Here's another great resource for understanding the mechanics of stroking a path.
For anyone looking for a solution to this, I found this useful:
https://keithp.com/~keithp/talks/cairo2003.pdf
So you can effectively convolve a regular polygon with the line to generate the mesh. Requires a slightly more complicated algorithm than outlined in the pdf in order to output triangles, but it's not actually too difficult to extend it.
You can also write a custom span generator for AGG along the lines of agg::span_gouraud_rgba but one that effectively does texture mapping instead.

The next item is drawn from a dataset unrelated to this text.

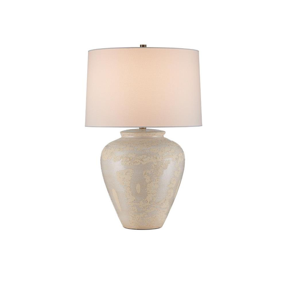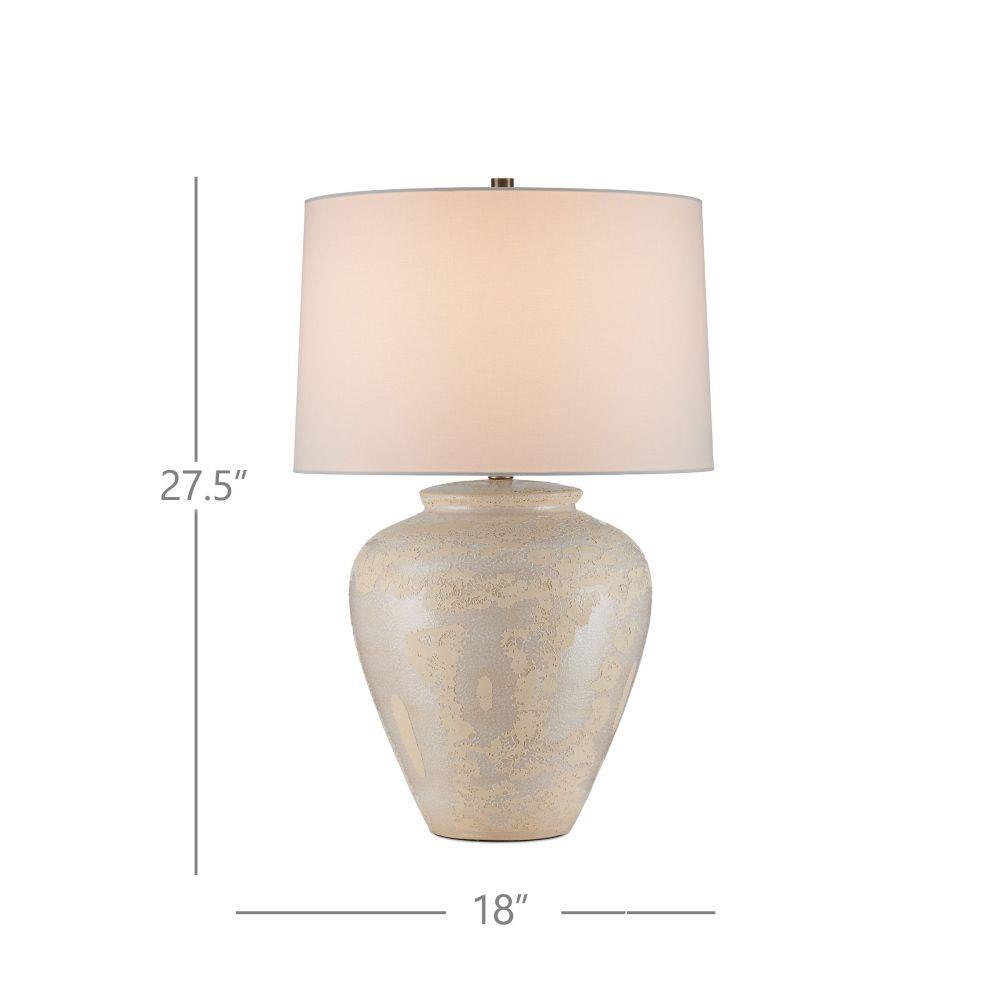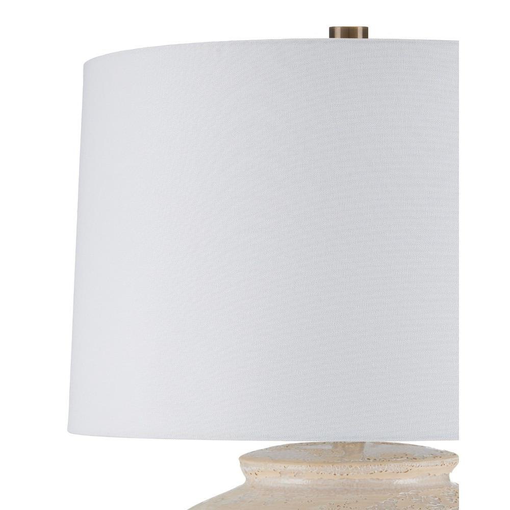The Mimi Ivory Table Lamp is made of ceramic with a mix of ivory and cream glazing, which creates a swirling pattern to give its surface tone-on-tone depth. The ginger-jar shape of the cream-colored lamp is topped with an drum shade that echoes the pale hues in its body. The artisanal quality comes into full view when the surface of the lamp is viewed close up.

I have a path made up of a list of 2D points. I want to turn these into a strip of triangles in order to render a textured line with a specified thickness (and other such things). So essentially the list of 2D points need to become a list of vertices specifying the outline of a polygon that if rendered would render the line. The problem is handling the corner joins, miters, caps etc. The resulting polygon needs to be "perfect" in the sense of no overdraw, clean joins, etc. so that it could feasibly be extruded or otherwise toyed with.
Are there any simple resources around that can provide algorithm insight, code or any more information on doing this efficiently?

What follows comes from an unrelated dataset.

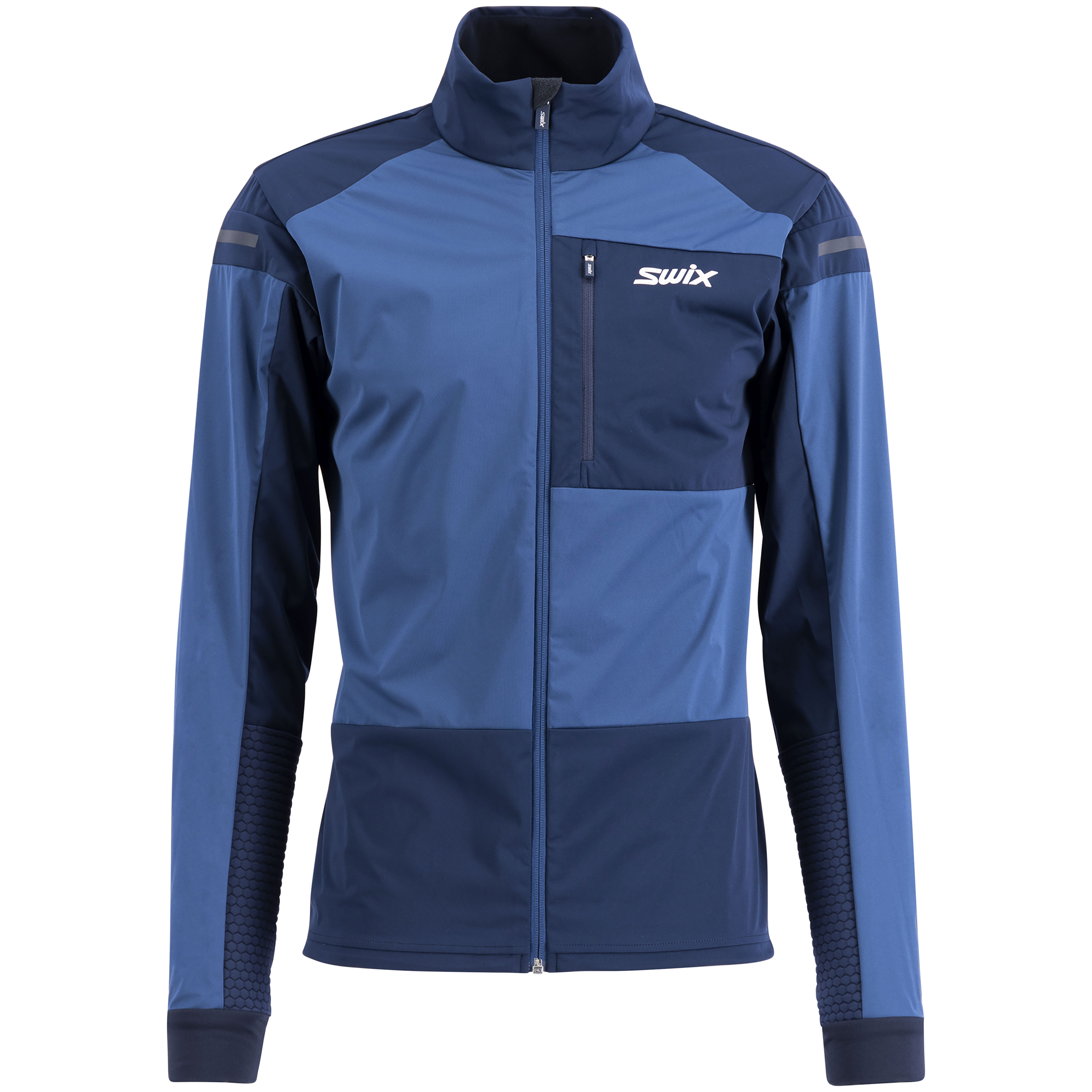 Nordic cross-country ski jacket är en mångsidig 3-lagers softshelljacka med ventilerande paneler för både avslappnade och mer intensiva sessioner. Huvudmaterialet är lätt och elastiskt. Innerkragen är fodrad med borstad lycra för extra värme. Elastisk dragsko i midjan ger en bra passform. Det är en allround skidjacka med reflexdetaljer, en bröstficka och en ficka på baksidan.

I absolutely DO NOT want a full fledged 2D vector library (cairo, antigrain, OpenVG, etc.) with curves, arcs, dashes and all the bells and whistles. I've been digging in multiple source trees for OpenVG implementations and other things to find some insight, but it's all terribly convoluted.
I'm definitely willing to code it myself, but there are many degenerate cases (small segments + thick widths + sharp corners) that create all kinds of join issues. Even a little help would save me hours of trying to deal with them all.
EDIT: Here's an example of one of those degenerate cases that causes ugliness if you were simply to go from vertex to vertex. Red is the original path. The orange blocks are rectangles drawn at a specified width aligned and centered on each segment.
Oh well - I've tried to solve that problem myself. I wasted two month on a solution that tried to solve the zero overdraw problem. As you've already found out you can't deal with all degenerated cases and have zero overdraw at the same time.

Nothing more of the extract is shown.